“No use,” muttered Frank in a stage whisper. “I’ll get down for a little while and then we’ll try again.”

After ten minutes they re-formed the scaling position, with Frank again at the top. Success did not smile any more pleasantly on them the second time than the first.

“I can’t move either of those logs a single inch,” said Frank as he climbed down to the floor of twigs and leaves. “They’ve got them laid on tightly. In the first place, I don’t see how those two fellows got the logs in and dropped them over the hole so neatly. They must be awfully heavy.”

In the darkness of the hole the four boys stood close together, each breathing hard as a result of the exertions, each trying to think of a plan by which they might thwart the schemes of these crooks.

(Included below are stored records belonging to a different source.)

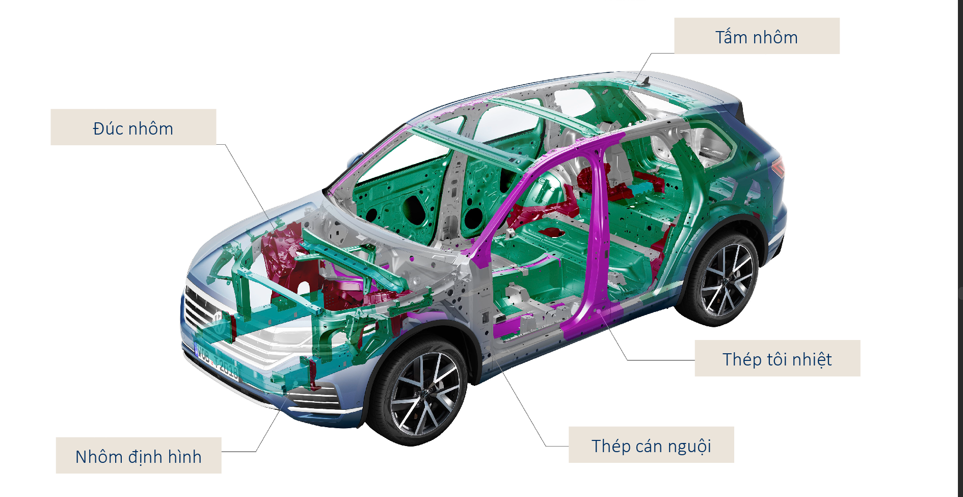 - Hợp kim nhôm có độ cứng tốt, khả năng chống xoắn cao, ngoài ra các cấu kiện nhôm (aluminum profile) và nhôm đúc (cast aluminium parts) kết hợp với thép tạo hình nóng (hot formed steel) tạo nên độ cứng vững cho khoang hành khách, sự an toàn và khả năng vận hành ổn định cho xe Touareg.
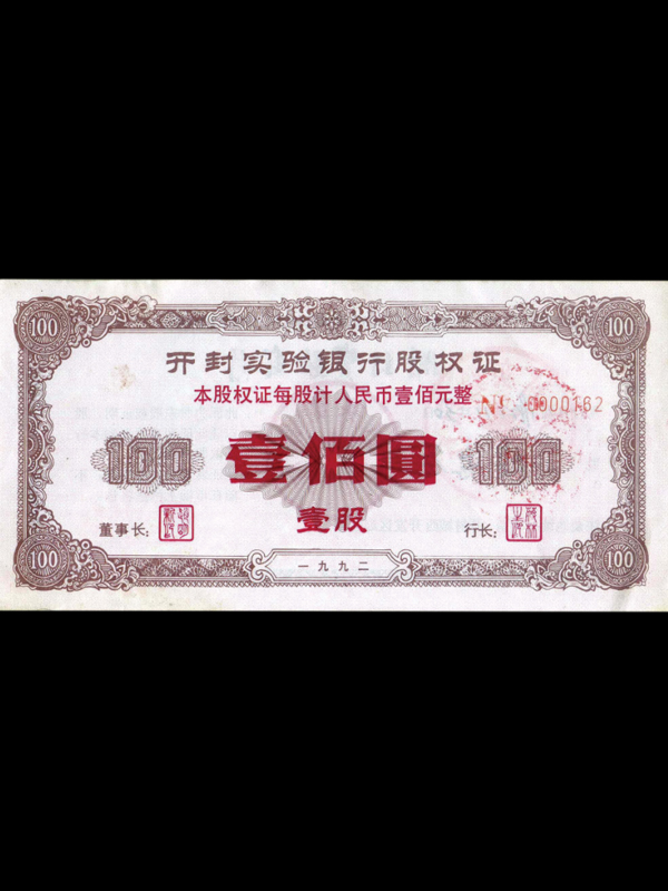 【1992年开封实验银行股权证(100元)】
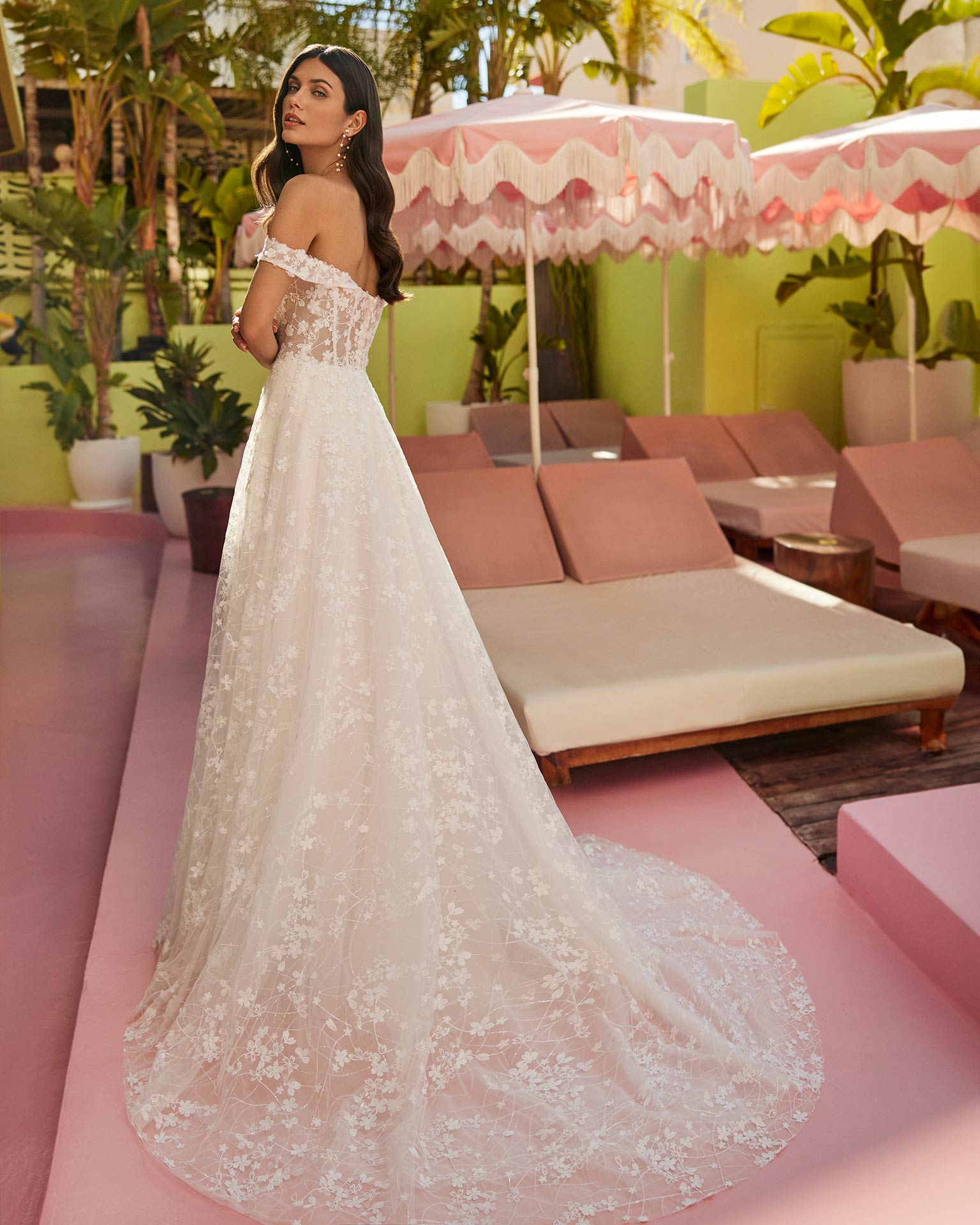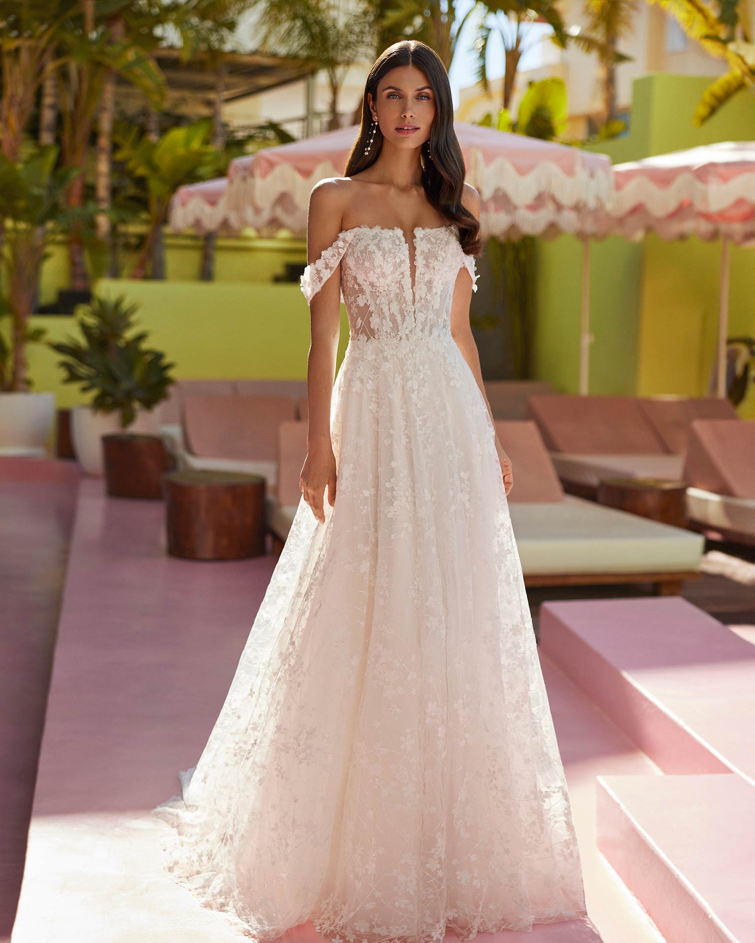 Vestido de novia largo de corte princesa. Encaje y pedrería, escote palabra de honor, tirantes caídos y espalda escotada. LUNA_NOVIAS.

“When it comes right down to the last,” said Buster, “we can promise to pay for the dog when they come back this evening, and we can then get out.”

“We’ll be out of here somehow this very day, and we don’t pay that crook anything for anything! But if I get out of here in time to run him down, I’ll make him pay for the dirty trick he has played on us!” Frank was determined, and he was thoroughly angry over the affair.

“We surely missed our——”

Just as Lanky started to say something there came a shrill whistle outside the cabin, and all the boys listened intently. Again came the whistled signal, this time one that all the boys recognized.

It was the peculiar whistle of their former high school chum, Jack Eastwick—it could be no other! No one else had ever whistled like that!

Instantly Lanky’s fingers went to his mouth and he sent out a blast from his lips calculated to awaken the dead.